A quantum generative adversarial network, unlike its classical counterpart, is able to sidestep some of the issues presented in the classical generative adversarial networks by taking advantage of quantum concepts and mechanics, solve problems that classical GANs cannot solve. There are many differences between classical and quantum GANs, but the first difference between the two is that the two components, the generator and the discriminator are that quantum circuits instead uses parametrized quantum circuits instead of neural networks, though it possible to build a quantum GAN using a quantum neural network or anything with a complete parametrized rotational gate, this design causes the input state to go through a unitary operation and creates a quantum state that depends on the parameter of the circuit. The discriminator of the quantum GAN, evaluates both classical training data samples as well as quantum data samples generated by the generator circuit, and because of this difference, the discriminator has to match the basis state to the training data's feature space which results in a classical synthetic data point that can be compared to the classical training data, another method of comparison is used by the generator to convert classical data into quantum data using a superposition over the different basis states and is given by an amplitude times the basis states. The objective of the QGAN remains the same when compared to its classical counterpart, the discriminator still aims to differentiate between real and fake training data while the generator still aims to create good data points that closely resembles the actual data.

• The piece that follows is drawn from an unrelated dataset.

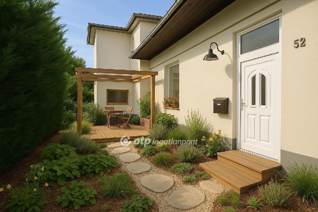 A saját előkert remek hely egy kávézós reggelhez vagy egy baráti terasz kialakításához, ráadásul a tetőtér beépíthető, ha később bővítenéd.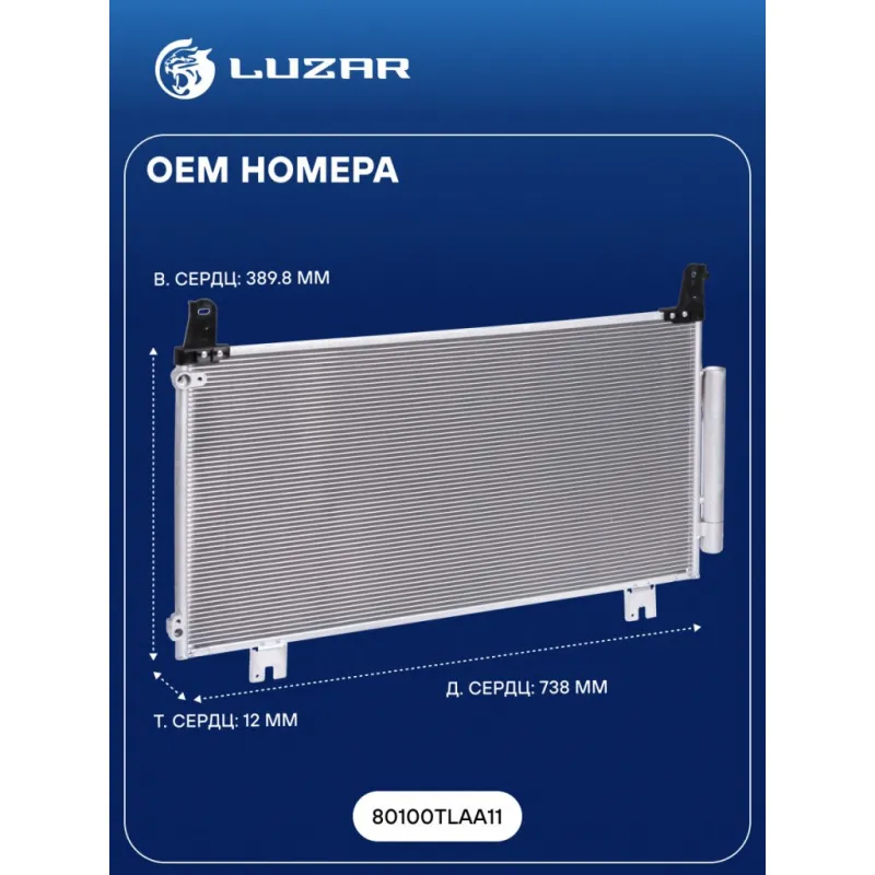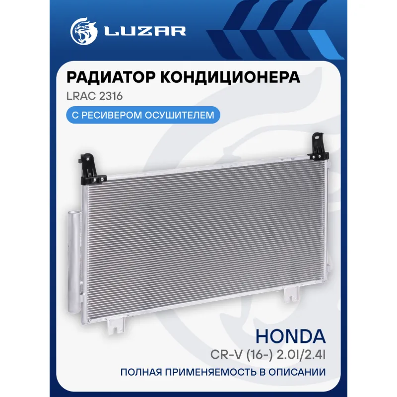 Радиатор кондиционера для автомобилей CR-V (16-) 2.0i/2.4i Характеристики: Артикул: LRAC 2316 OEM номера: 80100TLAA11 Количество на автомобиль: 1 Длина сердцевины, мм: 738 Высота сердцевины, мм: 389.8 Толщина сердцевины, мм: 12 осушитель: + Подходит для авто: Honda CR-V (16-) Для проверки применяемости отправьте VIN автомобиля через вкладку "Есть вопросы о товаре?" Комплектация: Радиатор кондиционера с ресивером Паспорт изделия Гарантия: от 1 года.

When comparing the quality of quantum GAN with classical GAN, quantum GAN trumps its classical counterpart when faced with a large amount of data points, the quantum GAN be much faster during the training process due to taking advantage of quantum mechanics of entanglement and superposition to enhance the generation and the discrimination of the quantum samples and quantum effects can also be leveraged to generate more diverse and realistic quantum data. Despite the advantages that quantum GAN has, there are still some errors that held it back, some of these problems include that quantum GAN is susceptible to noise and outliers or a lack of training data, where a GAN can be trained on readily available large scale datasets, quantum GAN does not have that luxury, and many more problems that prevents it from being mainstream.